Пронзительным голосом выкрикивает он слово "опять". И старославянское "грядет" произносит "грядёт", отчего оно становится современным и действенным.
Я жду от Репина грома и молнии, но вдруг он произносит влюбленно:
– Браво, браво!
И начинает глядеть на Маяковского с возрастающей нежностью. И после каждой строфы повторяет:
– Вот так так! Вот так так!
"Тринадцатый апостол" дочитан до последней строки. Репин просит: "Еще". Маяковский читает и "Кофту фата", и отрывки из трагедии, и свое любимое "Нате!":
Через час отсюда в чистый переулок
вытечет по человеку ваш обрюзгший жир,
а я вам открыл столько стихов шкатулок,
я – бесценных слов мот и транжир...
Репин восхищается все жарче. "Темперамент! – кричит он.– Какой темперамент!" И, к недоумению многих присутствующих, сравнивает Маяковского с Мусоргским...16
Маяковский обрадован, но не смущен. Он одним глотком выпивает стакан остывшего чая и, кусая папиросу, победоносно глядит на сидящего тут же репортера "Биржевки", который незадолго до этого взирал на него свысока.

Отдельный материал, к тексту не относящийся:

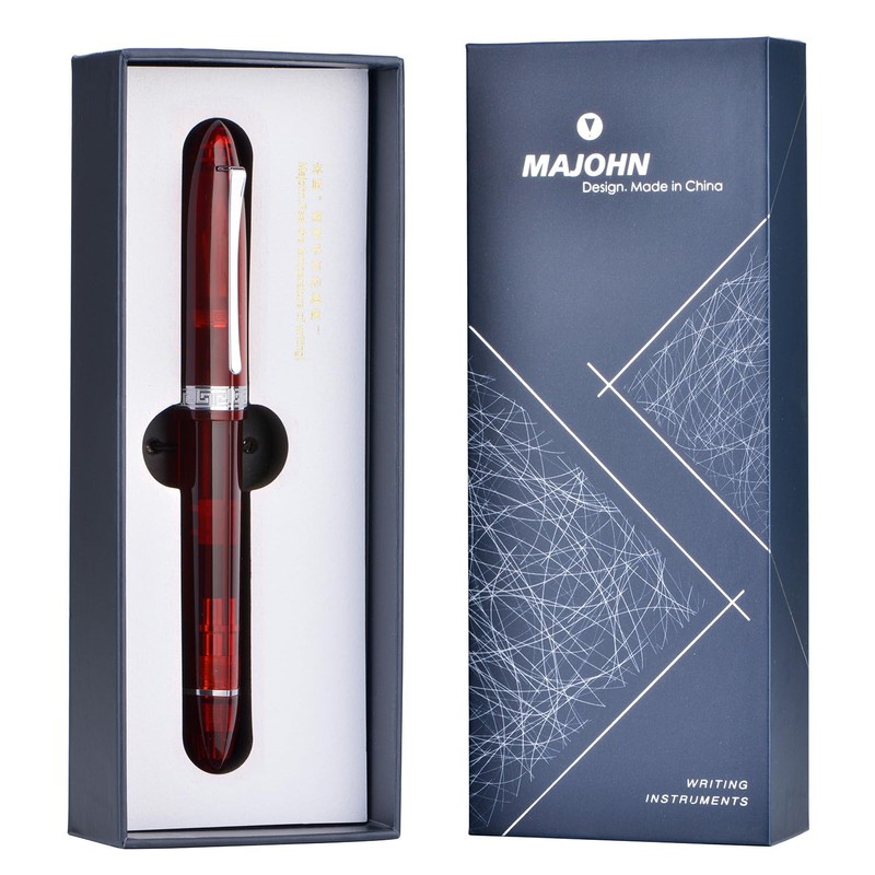 erofa Majohn V60 Triangular Piston Fountain Pen Fine Nib, Transparent Red Resin Writing Pen with Gift Box

А Репин все еще не в силах успокоиться и в конце концов говорит Маяковскому:
– Я хочу написать ваш портрет! Приходите ко мне в мастерскую.
Это было самое приятное, что мог сказать Репин любому из окружавших его. "Я напишу ваш портрет" – эта честь выпадала немногим. Репин в свое время наотрез отказался написать портрет Ф. М. Достоевского, о чем сам неоднократно вспоминал с сожалением. Я лично был свидетелем того, как он в течение нескольких лет уклонялся от писания портрета В. В. Розанова.
Но Маяковскому он при первом же знакомстве сказал:
– Я напишу ваш портрет.
– А сколько вы мне за это дадите? – отозвался Маяковский.
Дерзость понравилась Репину.
– Ладно, ладно, в цене мы сойдемся! – ответил он вполне миролюбиво и встал, чтоб уйти (уходил он всегда внезапно, отрывисто, без долгих прощаний, хотя входил церемонно и медленно).
Мы всей компанией вызвались проводить его до дому.
Он взял Маяковского дружески под руку, и всю дорогу они о чем-то беседовали. О чем – не знаю, так как шел далеко позади, вместе с остальными гостями.
На прощание Репин сказал Маяковскому:
– Уж вы на меня не сердитесь, но, честное слово, какой же вы, к чертям, футурист!..
Маяковский буркнул ему что-то сердитое, но через несколько дней, когда Репин пришел ко мне снова и увидел у меня рисунки Маяковского, он еще настойчивее высказал то же суждение:
– Самый матерый реалист. От натуры ни на шаг, и... чертовски уловлен характер.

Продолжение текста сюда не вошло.